◆ Task brief
Once you find the line below that has "Ξεριζωμένα δέντρα, αναποδογυρισμένα", output it and every line after it exactly, stopping after the line that has "开展座谈广抒怀,畅谈心声树新", with no pictures.

====== Records to use ======

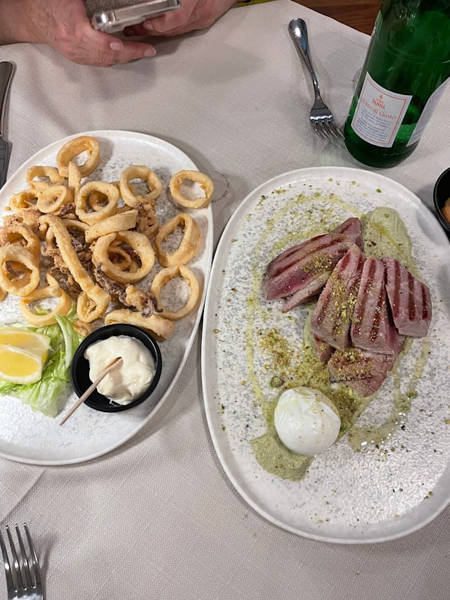 Tagliata di tonno su pesto di pistacchio, la sua granella e burratina pugliese
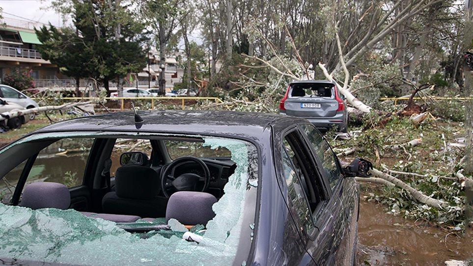 Ξεριζωμένα δέντρα, αναποδογυρισμένα αυτοκίνητα, ανυπολόγιστες υλικές ζημιές, δρόμοι που μετατράπηκαν σε χειμάρρους συνθέτουν την εικόνα της καταστροφής.
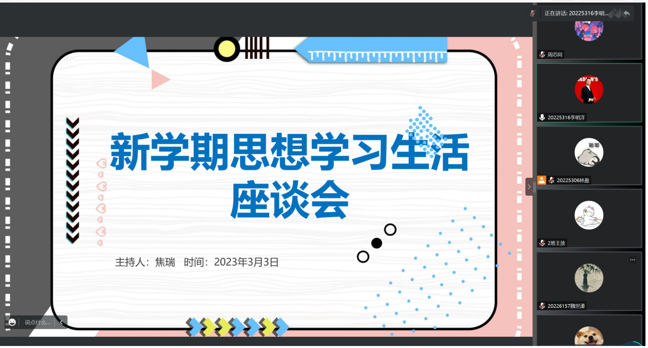 开展座谈广抒怀,畅谈心声树新风。2019级辅导员孙庆斌老师自2月25日开学以来,按照学校工作要求,根据本年级毕业年级的特有属性和学生特点,通过线下线上开展座谈会、寝室走访等形式,与年级所有的80名同学进行了一对一谈话,摸清了学生思想、思考、心理,并对一些问题进行了有针对性的交流、沟通、疏解,并对共性普遍的问题向主管领导和上级部门进行了反馈。2020级辅导员张博伦老师于3月1日-9日分别召开了新学期年级大会、学生党员干部座谈会等,全面了解了假期学习生活和思想情况,围绕学生关心的重点焦点问题,进行了沟通交流和教育引导,帮助学生解决困惑,明确了下一阶段工作思路与举措,有针对性地做好学生日常事务管理和服务工作。2021、2022级辅导员焦瑞老师面对学生代表、家庭经济困难学生分批次召开了4场新学期思想学习生活座谈会。会议围绕“疫情对同学们生活的影响”、“国内外时事热点问题”、“对学校学院的工作建议问题”、“对新学期的展望“等几个话题进行。在会议中,同学们对学校的基础设施建设、学习、生活方面表达了自己的一些建议和希冀,焦老师也与同学们进行了沟通和交流,同时也希望同学们能多多理解学校体量大人数多,基础设施的更新运行调整需要时间。
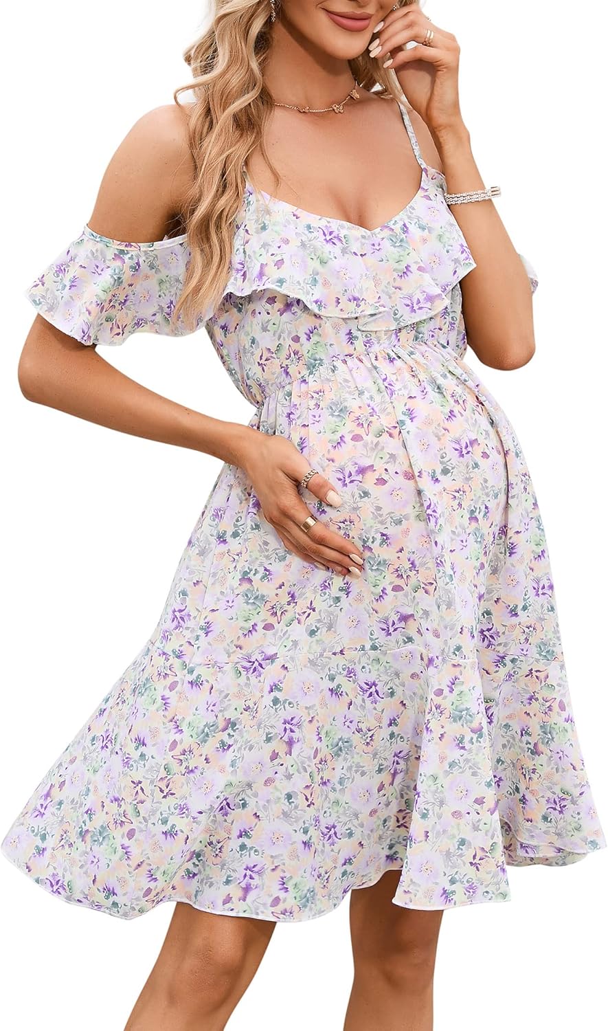Maternity Nursing Dress Womens V-Neck Spaghetti Strap Ruffle Sleeve Daisy Printed A-Line Tiered Flowy Swing Dress
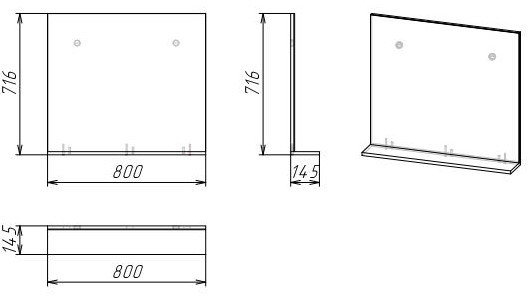 - Размеры (ШxВxГ): 800x716x145 мм.
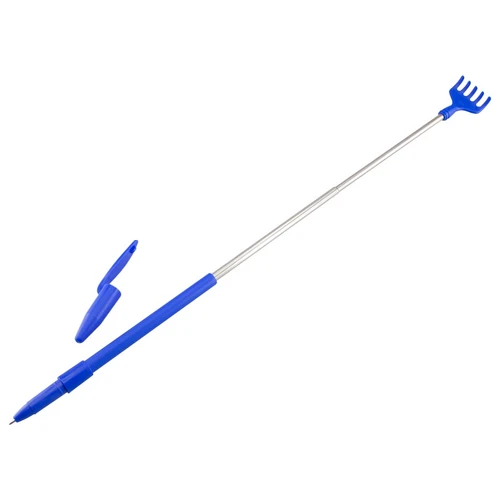 Bolígrafo plástico de color con tapa, con Manito Rascadora expansible (tipo antena). Escritura azul.
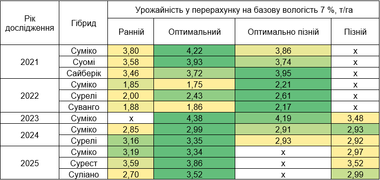 Таблиця 1. Урожайність гібридів соняшнику залежно від терміну посіву, Біла Церква, 2021–2025 рр.
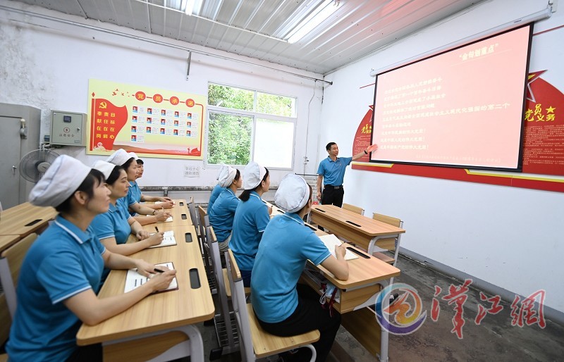 7月6日,在际华三五四二纺织有限公司整理车间,党支部书记李波带领大家学习习近平总书记在庆祝中国共产党成立100周年大会上的重要讲话精神。
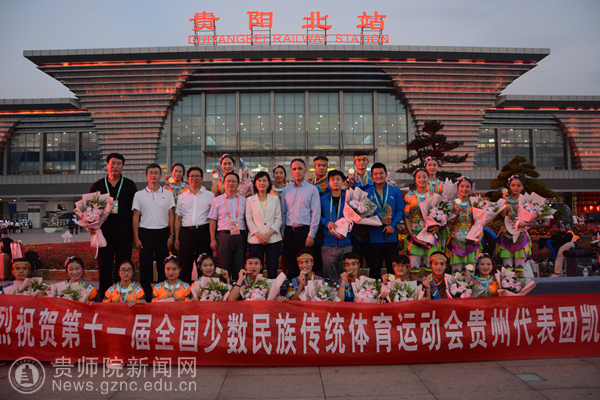 9月17日,第十一届全国少数民族传统体育运动会贵州代表团载誉归来。副省长王世杰到贵阳北站迎接凯旋归来的运动员代表并讲话。欢迎仪式由贵州代表团副团长,省委统战部副部长,省民宗委党组书记、主任石松江主持。贵州代表团秘书长、省民宗委副主任徐佑刚,贵州代表团秘书长、省体育局巡视员王建忠等参加欢迎仪式。
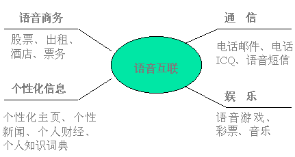在中國,電話有著最廣泛的用戶群;追求方便時(shí)尚,希望使用互聯(lián)網(wǎng)信息、郵件而不懂或不熟悉鍵盤操作的用戶占4/5;語音互聯(lián)網(wǎng)是電話網(wǎng)與互聯(lián)網(wǎng)的完美結(jié)合,通過語音互聯(lián),普通電話用戶用自然語言對話的方式即可獲取互聯(lián)網(wǎng)的主要服務(wù),滿足用戶任何時(shí)間、任何地點(diǎn)、任何設(shè)備獲取信息的需求。在美國、日本,語音互聯(lián)已成為簡易終端接入互聯(lián)網(wǎng)的主要方式之一。
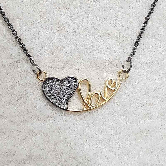 Yellow & Black Fancy Designer Handmade Style LOVE Pendant, Gift For Lovers, Silver Jewelry

======

◆ Your response
 Ξεριζωμένα δέντρα, αναποδογυρισμένα αυτοκίνητα, ανυπολόγιστες υλικές ζημιές, δρόμοι που μετατράπηκαν σε χειμάρρους συνθέτουν την εικόνα της καταστροφής.
 开展座谈广抒怀,畅谈心声树新风。2019级辅导员孙庆斌老师自2月25日开学以来,按照学校工作要求,根据本年级毕业年级的特有属性和学生特点,通过线下线上开展座谈会、寝室走访等形式,与年级所有的80名同学进行了一对一谈话,摸清了学生思想、思考、心理,并对一些问题进行了有针对性的交流、沟通、疏解,并对共性普遍的问题向主管领导和上级部门进行了反馈。2020级辅导员张博伦老师于3月1日-9日分别召开了新学期年级大会、学生党员干部座谈会等,全面了解了假期学习生活和思想情况,围绕学生关心的重点焦点问题,进行了沟通交流和教育引导,帮助学生解决困惑,明确了下一阶段工作思路与举措,有针对性地做好学生日常事务管理和服务工作。2021、2022级辅导员焦瑞老师面对学生代表、家庭经济困难学生分批次召开了4场新学期思想学习生活座谈会。会议围绕“疫情对同学们生活的影响”、“国内外时事热点问题”、“对学校学院的工作建议问题”、“对新学期的展望“等几个话题进行。在会议中,同学们对学校的基础设施建设、学习、生活方面表达了自己的一些建议和希冀,焦老师也与同学们进行了沟通和交流,同时也希望同学们能多多理解学校体量大人数多,基础设施的更新运行调整需要时间。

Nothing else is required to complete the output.